Excluding pictures, transcribe precisely the lines from the one containing "напиши,что ты можешь" to the final line of the listing below, inclusive, and nothing more.

::: Data :::

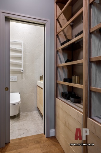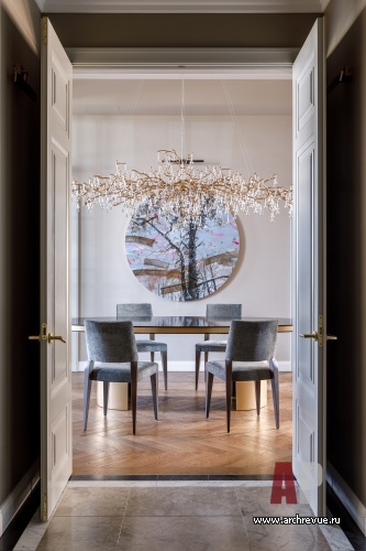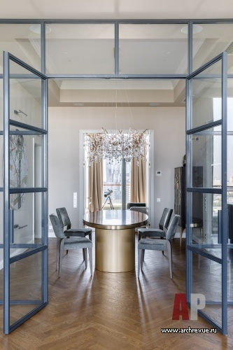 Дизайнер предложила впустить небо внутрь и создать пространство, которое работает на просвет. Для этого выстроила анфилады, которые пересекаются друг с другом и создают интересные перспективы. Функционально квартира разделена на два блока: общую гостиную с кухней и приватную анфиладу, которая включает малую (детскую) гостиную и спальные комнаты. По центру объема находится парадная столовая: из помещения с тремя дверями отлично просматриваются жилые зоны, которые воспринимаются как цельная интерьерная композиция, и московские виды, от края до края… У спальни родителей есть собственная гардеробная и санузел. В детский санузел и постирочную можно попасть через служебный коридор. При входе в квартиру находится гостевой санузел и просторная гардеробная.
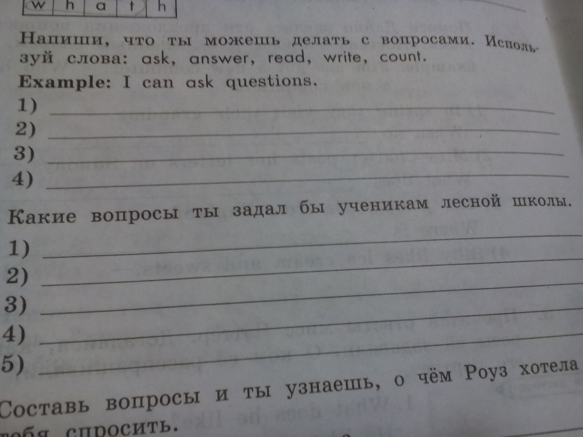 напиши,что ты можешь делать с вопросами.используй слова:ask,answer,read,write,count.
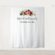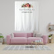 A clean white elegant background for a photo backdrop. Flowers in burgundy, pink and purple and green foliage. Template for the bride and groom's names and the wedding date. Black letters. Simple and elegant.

:::

→ Task answer:
 напиши,что ты можешь делать с вопросами.используй слова:ask,answer,read,write,count.
 A clean white elegant background for a photo backdrop. Flowers in burgundy, pink and purple and green foliage. Template for the bride and groom's names and the wedding date. Black letters. Simple and elegant.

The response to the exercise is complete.